Es esta presunción lo que impide una tercera reforma, sugerida desde el propio Gobierno: que solo sea válido el consentimiento sexual "expreso e inequívoco". Ciertamente la clave de los delitos sexuales es la ausencia de consentimiento válido en uno de los participantes en la relación sexual. Sonroja tener que recordar que “no es no” y que el “no” es igual de negativo en cualquier momento de la relación y para cualquier forma de relación. A partir de ahí carece de todo sentido el exigir que el consentimiento sea “expreso”. Es notorio que no hay atentado alguno a la libertad sexual si los intervinientes en el comportamiento sexual consienten, lo expresen o no, lo expresen de una manera u otra. Para reparar en lo absurdo de la exigencia —profusamente ridiculizada en las redes sociales —baste pensar en que habría delito en los dos miembros de una pareja que, como es usual, consienten tácitamente en mantener una relación sexual.

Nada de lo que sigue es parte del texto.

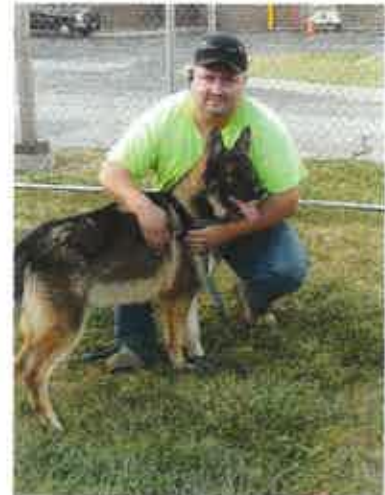
Sarge now "Kendall" with foster Dad

Update: Sarge's foster dad reports that Sarge has been adopted by a wonderful family who have renamed him "Kendall" in honor of Kendall County Animal Control.

Por otras razones, ahora procesales, no puede entenderse tampoco que existe un delito de violación si el consentimiento no es inequívoco. Es verdad que el consentimiento se da o no se da, y que en ese sentido “si no hay un sí, es un no”. Pero centenarias e indiscutidas garantías penales nos obligan a operar al revés: “si no hay un no, es un sí”. Lo que la presunción de inocencia exige para la condena —para la cárcel y para la estigmatización social que toda pena comporta— es lo contrario: solo habrá violación si era inequívoca la falta de consentimiento válido de uno de los participantes en la relación. Como solo habrá homicidio si era inequívoco que había un muerto.

La exigencia de expresividad o de inequivocidad en el consentimiento no es el fruto sensato de una perspectiva de género. Donde esta necesaria perspectiva debe aportar justicia es en la determinación judicial de que inequívocamente no hubo consentimiento, en la ampliación legislativa del nomen "violación" y en la desaparición de la denominación “abuso sexual”. Y también en la previsión de ciertas modalidades de violación imprudente.

Juan Antonio Lascuraín es catedrático de Derecho Penal (Universidad Autónoma de Madrid).